It hits the right notes and sweeps up the gameplay on screen. If it means developers can put money in other aspects of a game, or less deep-pocketed developers can work on a more ambitious game easier, well… wouldn’t you?
The righteous people want more people to get paid, but want the game price stays at the same 60$ and digital at 35$ forever. Voice actors are no longer cheap.
@Bartig That is not how the capitalism works my pure hearted friend.
@mrbone Maybe C-suit and shareholders should be paid a bit less? Game price will not stay the same regardless.(edit:typo)
@Golem25 one of the only levelheaded comments on here 🫡
@Pranwell lol I hadn't made that connection yet.
They're all shouting in the wind aren't they.
@Jett it's going to be f2p no worries 😂
Yikes, this is NOT a good sign. This is what people feared about the use of AI.
@Cherip-the-Ripper Not level headed but corpo headed. Without proper legislation for AI regulation we will be sacrificed on a altar of "free market".

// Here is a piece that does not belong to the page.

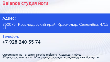 Balance, студия йоги по адресу 350075, Краснодарский край, Краснодар, Селезнёва, 4/15 к1 в дальнейшем Организация, размещена в следующих категориях: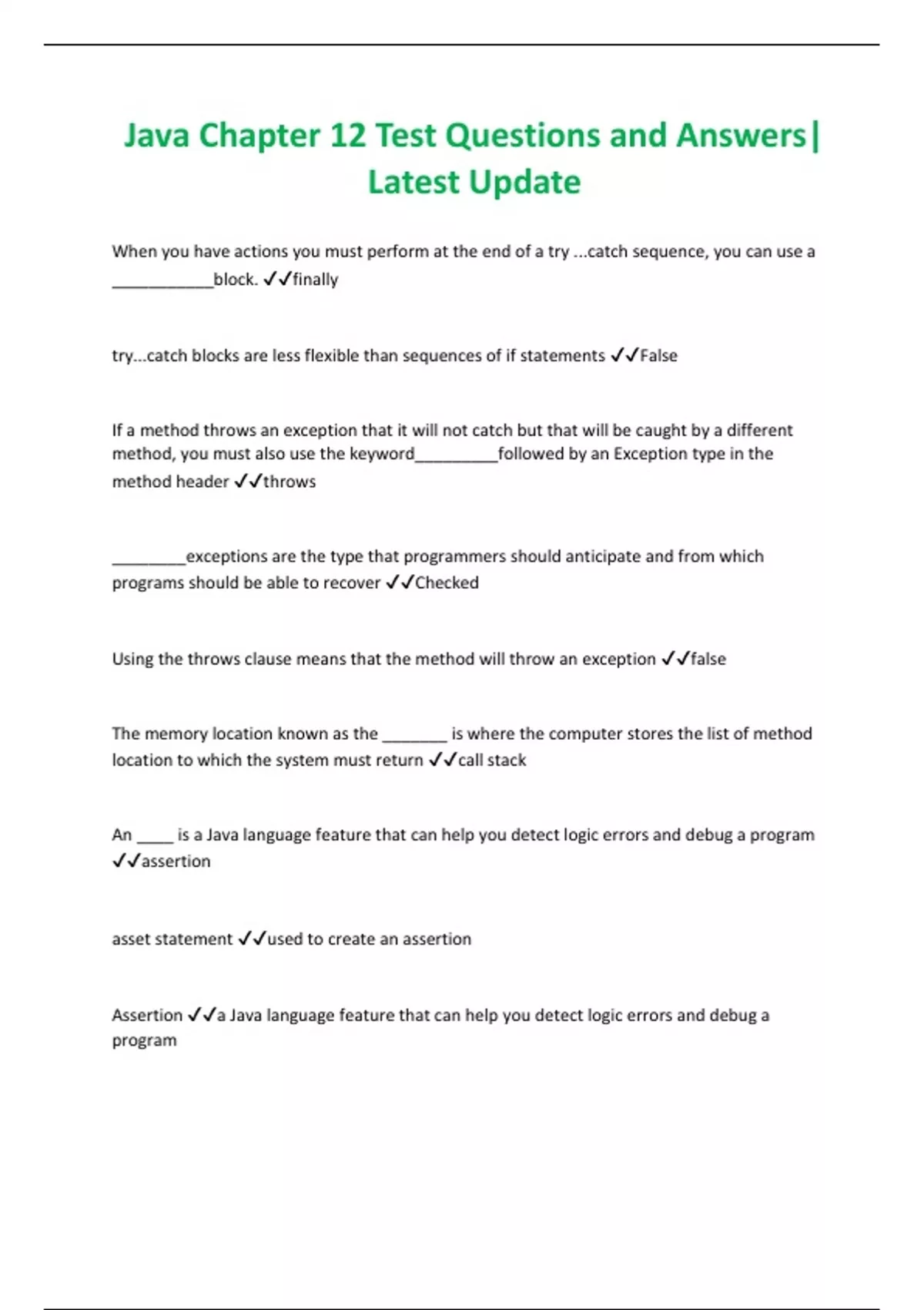 Java Chapter 12 Test Questions and Answers| Latest Update

I work in a creative field that is serious under threat from AI. I hope everybody boycotts this game. I have zero sympathy for any backlash the game gets as a result of their dystopian cost-cutting methods.

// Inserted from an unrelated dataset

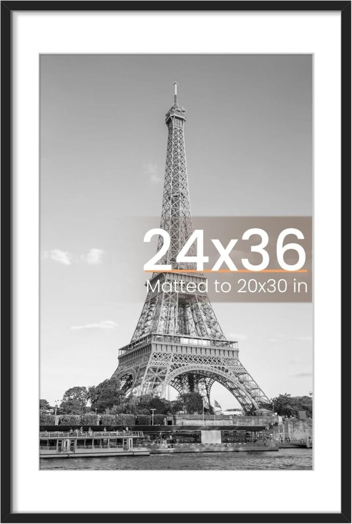 Dual-size design fits 24×36 posters or 20×30 prints with a mat, with a 0.5-inch trimmed display area for stability.

@Badger_Badgerski Well it is how the business work. It is easy to say when they are successful and making money. But there are also many companies which went out of business and bleeding money. I guess in a way it is similar to betting. Companies got most of the money as they are the one who risk and invest loads of money. They are the one who lost money if it didn’t do very well. They are not charity.
I am generally talking about all things- people who would like to get writer/ actors paid more should also expect that cost will be eventually spread to themselves.

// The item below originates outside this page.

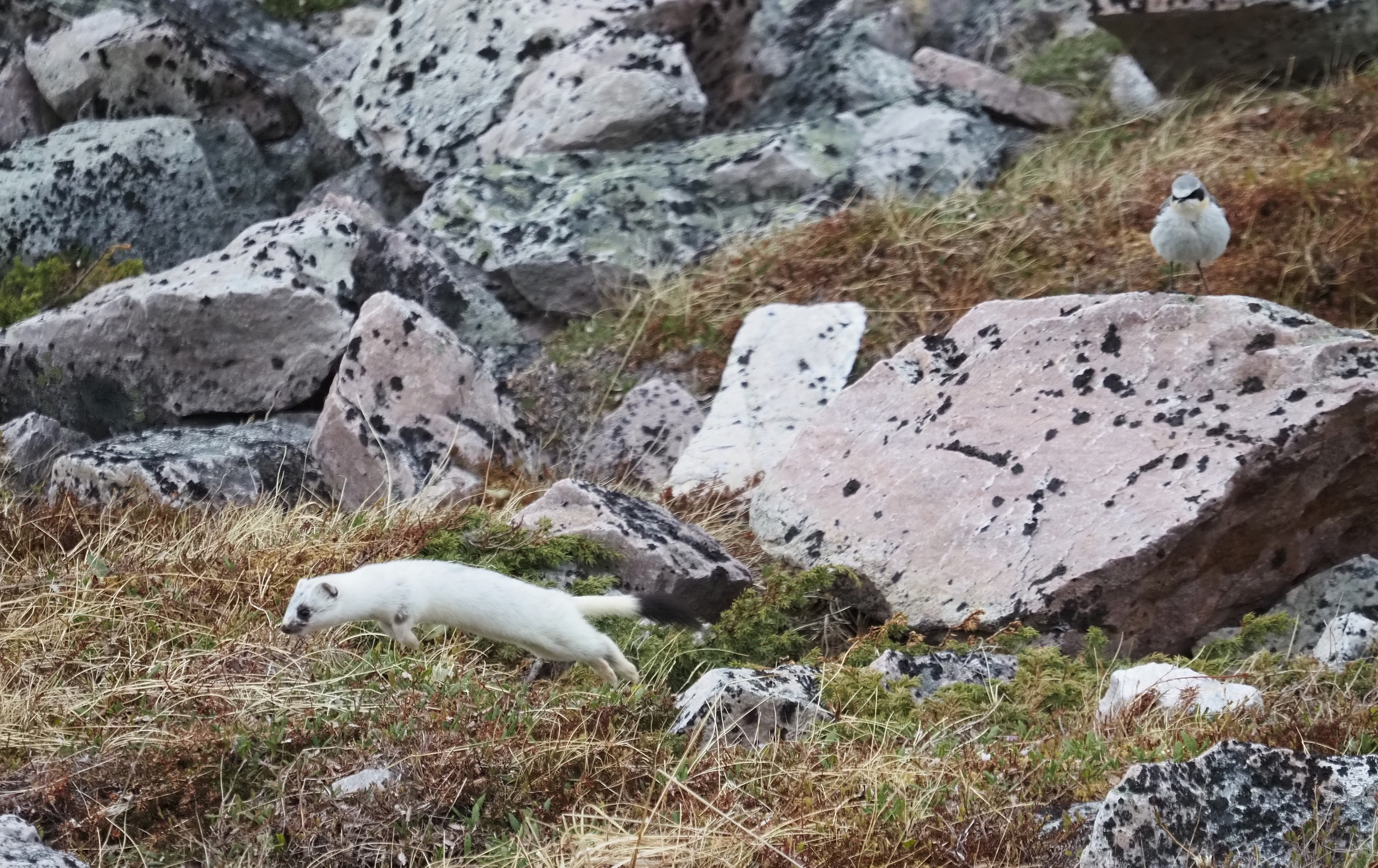Després d’un bon esmorzar visitem una de les zones humides properes a la capital del país. Ràpidament, entremig de grans estols detectem una oca de les neus, tant blanca com inactiva ja que va restar descansant tot el matí, haurà tingut una nit moguda. Aquí, dos dels ànecs més comuns són l’èider comú i el morell de plomall. Els prats estan ocupats per una gran quantitat de daurades grosses i becadells. Escanejant les vores veiem un bon grup de limícoles entre els que destaquen remena-rocs i territs foscos. Entre gavians de potes roses, gavinots, gavines rialleres i gavians foscos, veiem el primer gavinot hiperbori del viatge. A les zones inundables també es veuen calàbries petites i becs de serra mitjans. El passeriforme més abundant és el tord ala-roig de la subespècie coburni, al qual només nidifica a les illes Faroe i a Islàndia, i uns quants d’ells ens van fer més entretingut el matí amb els seus continus viatges per agafar cucs de terra i fruits per alimentar els famolencs pollets. Prenent el sol veiem les primeres foques comunes del viatge.

Of note, the game price was cheaper compared to 90s, if you count the inflation. I don’t mean I want to pay more as the salary also mostly stay the same (for most professions at least in the UK). But everything else price has gone up.
For small devs this could be the make or break point. Especially since Voice acting is considered standard/basic. The devs provided the other sounds almost like oldschool devs in the late 90’s early ‘00’s did for games. So to me it seems like they couldn’t afford voice acting. If it means more devs can see their games see the light of day…well I am not mad. Also this could mean that games made by devs that can’t afford localization can use AI to both translate and voice their games. Lots of great potential here. I would like to see this explored further.
@Badger_Badgerski Please don't be hysterical. Humanity has gone through countless waves of great leaps of technology/innovation, and society has always adapted and used the platforms offered by new inventions to propel itself forward. Back in the stone age, I'm pretty sure Grog told Grug that fire very scary and wheel not blocky enough, but their descendent Greg in 2023 will be happy to have central heating and a car to drive to work.
If AI pans out, it will transform the personal and working lives of millions, sprout auxiliary industries (it already has - see the data entry factories in Africa), and antiquate a good few types of jobs. It already has been a force of good, when you think of cognitive abilities like text-to-speech models that help the blind, not to mention all the students and working professionals that have been aided by natural language processing models. This is only going to snowball with the advent of things like Microsoft Co-Pilot being embedded into Outlook, Teams, Dynamics, etc. I build chatbots for fun, and they massively benefit from light AI features like automatic entity recognition, making life easier for developers and users.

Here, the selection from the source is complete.